_REQUIRED ACTION:_ Pictures stay out of this copy; please retype only the lines from the start of the records through the line with "Моор приветствует участников".

[[ RECORDS PROVIDED, beginning ]]

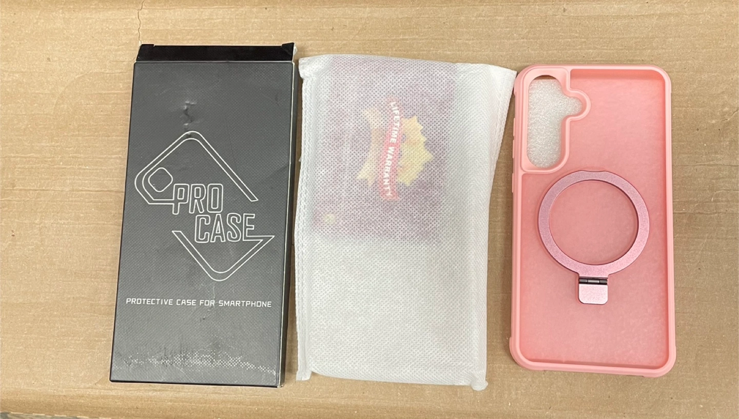 Selling a brand new Lufanbis magnetic stand case for a Samsung Galaxy S25 Plus in pink! It's a protective case for your smartphone and comes in its original box
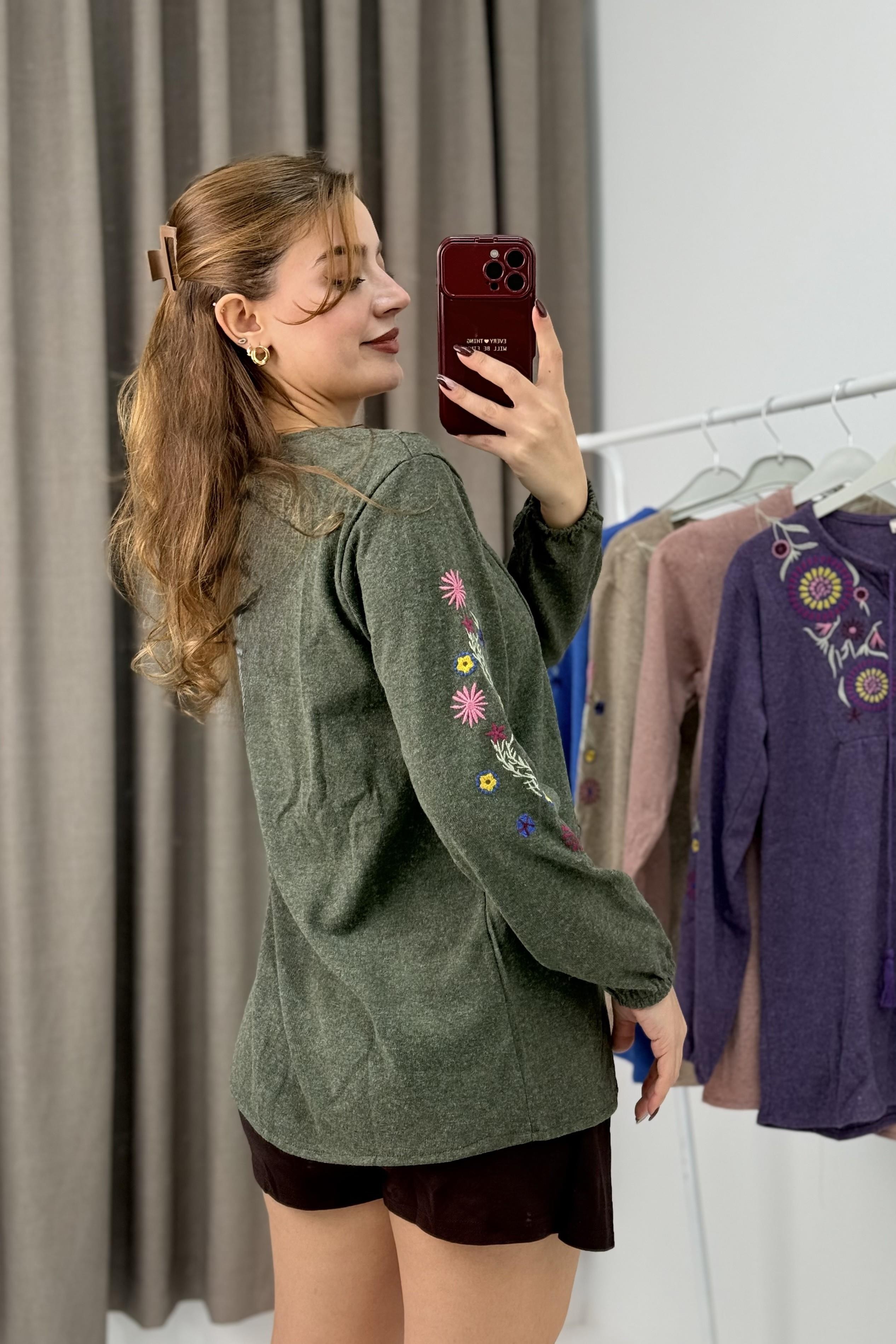 Kadın HakiTriko Etnik Mor Çiçek Nakışlı Kazak
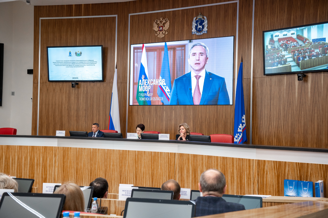 "caption": "Александр Моор приветствует участников совместного заседания комитетов Тюменской областной Думы и Законодательного Собрания Ямала.",
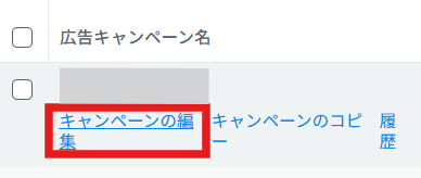 「キャンペーンの編集」をクリックすると、キャンペーンの詳細設定画面に入ります。ここでは、予算上限の変更や配信期間の変更ができます。「履歴」からはキャンペーンの編集履歴が確認できます。
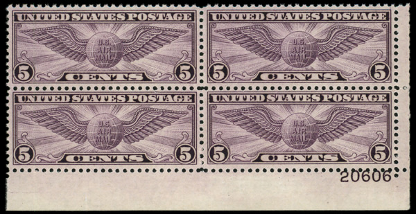 5354 nhbl C16 imageAirmail, 1931, 5¢ Winged Globe, rotary press printing (Scott C16), bottom right plate block of 4, Vibrant impression, o.g., never hinged, Very Fine to Extremely Fine.
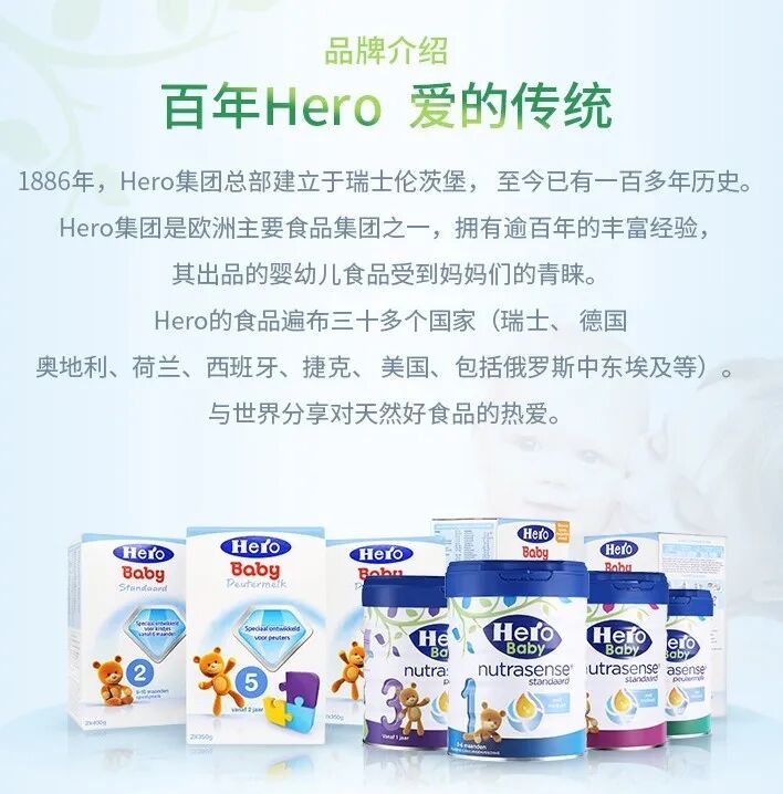 Hero baby是荷兰皇家乳业旗下百年奶粉品牌。美素的奶源和一般的乳业集团不同,荷兰皇家乳业是合作型乳企,由欧洲超过20,000名左右会员农场主联合经营,共同管理,完全从源头来把控。

[[ RECORDS PROVIDED, end ]]

_TASK RESULT:_
 Selling a brand new Lufanbis magnetic stand case for a Samsung Galaxy S25 Plus in pink! It's a protective case for your smartphone and comes in its original box
 Kadın HakiTriko Etnik Mor Çiçek Nakışlı Kazak
 "caption": "Александр Моор приветствует участников совместного заседания комитетов Тюменской областной Думы и Законодательного Собрания Ямала.",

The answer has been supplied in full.